NAME
    "Text::Categorize::Textrank" - Method to rank potential keywords of
    text.

SYNOPSIS
      use strict;
      use warnings;
      use Text::Categorize::Textrank;
      use Data::Dump qw(dump);
      my $listOfTokens = [ [qw(This is the first sentence)], [qw(Here is the second sentence)] ];
      my $hashOfTextrankValues = getTextrankOfListOfTokens(listOfTokens => $listOfTokens);
      dump $hashOfTextrankValues;

DESCRIPTION
    "Text::Categorize::Textrank" provides a routine for ranking the words in
    text as potential keywords. It implements a version of the textrank
    algorithm from the report *TextRank: Bringing Order into Texts* by R.
    Mihalcea and P. Tarau.

ROUTINES
  "getTextrankOfListOfTokens"
    The routine "getTextrankOfListOfTokens" returns a hash reference
    containing the textrank value for all the tokens in the lists provided;
    the textrank values sum to one. The textrank of a token is its pagerank
    in the graph obtained by joining neighboring tokens with an edge, called
    the token graph.

    Usually, "listOfTokens" should *not* be applied to all the words of the
    text. The complete textrank algorithm first filters the words in the
    text to only the nouns and adjectives. See
    Text::Categorize::Textrank::En to compute the textrank of English text.

    "listOfTokens"
          listOfTokens => [[...], [...], ...[...]]

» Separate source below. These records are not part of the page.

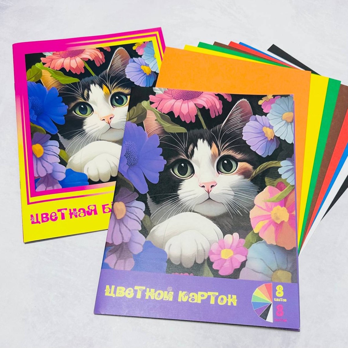 Наборы цветного картона представлены в картонной папке, удобной для хранения и транспортировки, в наборе из 8 листов. Формат – А4.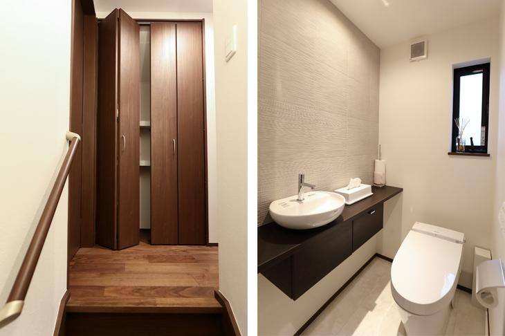 (右)3階のトイレは、大きな手洗いシンクやエコカラットを採用して、ラグジュアリーな雰囲気に。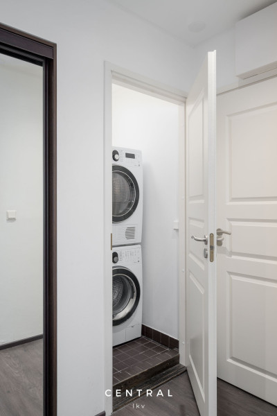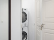 Kodinhoitohuoneen kuvausKomeroon rakennettu kodinhoitotila, jossa pesukoneliitäntä ja tilaa pesutornille, lattiakaivo.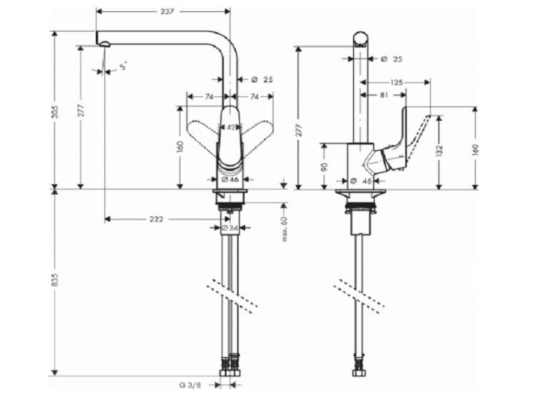 Смеситель для кухни, Hansgrohe, Focus M41, с возможностью размещения рукоятки справа или слева, тип открывания воды-однорычажный, тип регулирования воды-керамический картридж, монтаж-на раковину/столешницу, отверстия для монтажа-1, высота, мм-305, вынос излива, мм-222, тип излива-поворотный, тип подводки-гибкая, стандарт подвода воды-3/8", цвет-черный матовый Смеситель для кухни, Hansgrohe, Focus M41, цвет-черный матовый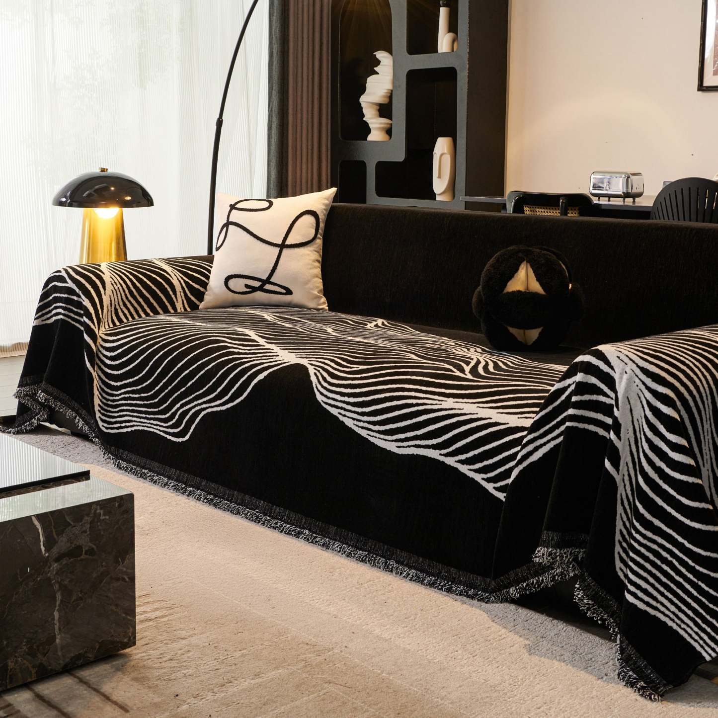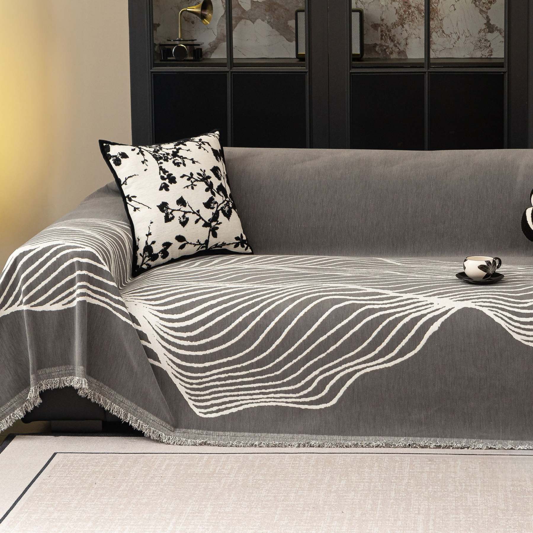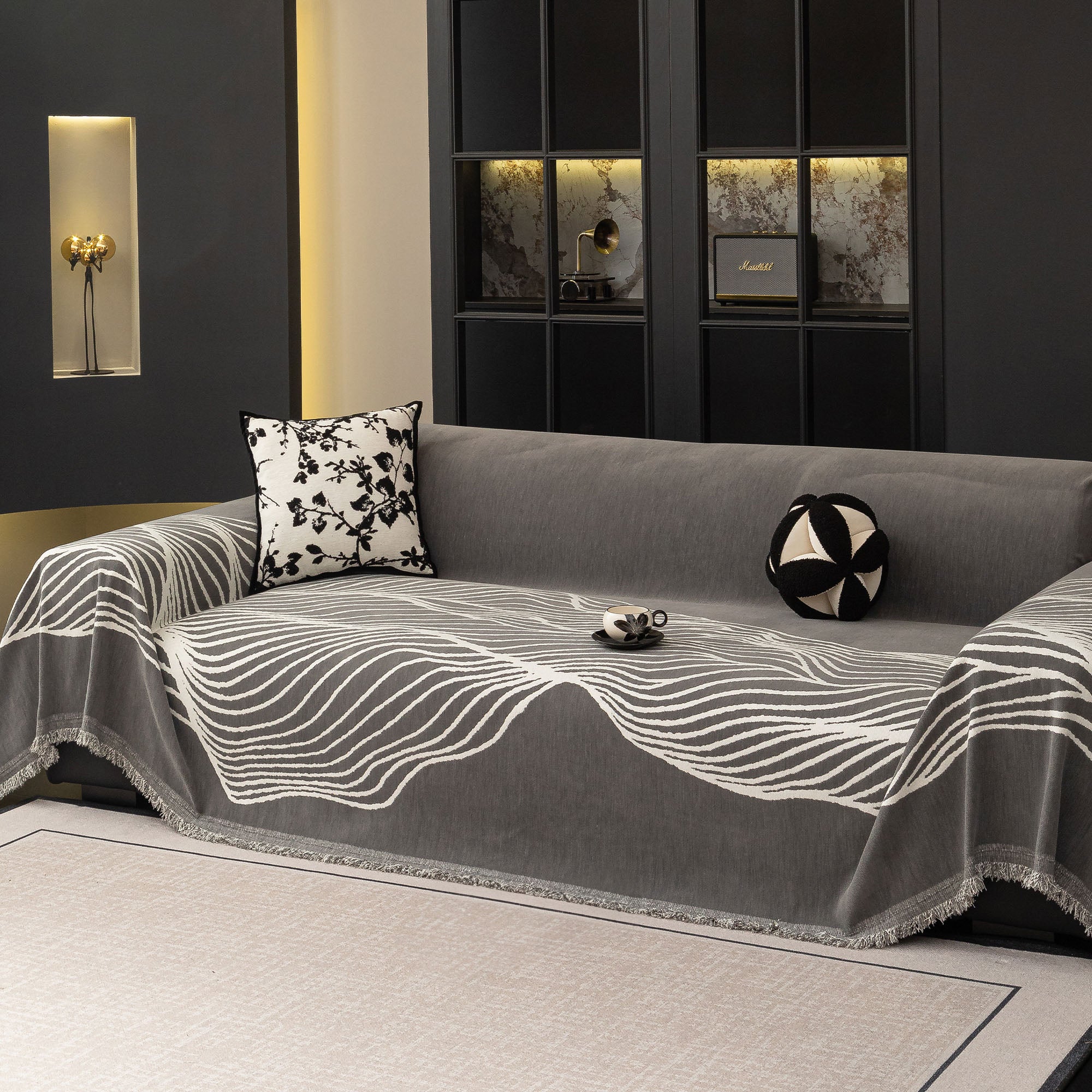 Soft Plush Waveline Harmony Pet-Durable Friendly Multi-Purpose Machine Washable Sofa Cover – Woven Throw Couch Protector

        "listOfTokens" is an array reference containing the list of tokens
        that are to be ranked using textrank. Each list is also an array
        reference of tokens that should correspond to the list of tokens in
        a sentence. For example, "[[qw(This is the first sentence)],
        [qw(Here is the second sentence)]]".

    "edgeCreationSpan"
          edgeCreationSpan => 1

        For each token in the "listOfTokens", "edgeCreationSpan" is the
        number of successive tokens used to make an edge in the token graph.
        For example, if "edgeCreationSpan" is two, then given the token
        sequence "apple orange pear" the edges "[apple, orange]" and
        "[apple, pear]" will be added to the token graph for the token
        "apple". The default is one.

        Note that loop edges are ignored. For example, if "edgeCreationSpan"
        is two, then given the token sequence "daba daba doo" the edge
        "[daba, daba]" is disguarded but the edge "[daba, doo]" is added to
        the token graph.

    "directedGraph"
          directedGraph => 0

        If "directedGraph" is true, the textranks are computed from the
        directed token graph, if false, they are computed from the
        undirected version of the graph. The default is false.

    "dampeningFactor"
          dampeningFactor => 0.85

        When computing the textranks of the token graph, the dampening
        factor specified by "dampeningFactor" will be used; it should range
        from zero to one. The default is 0.85.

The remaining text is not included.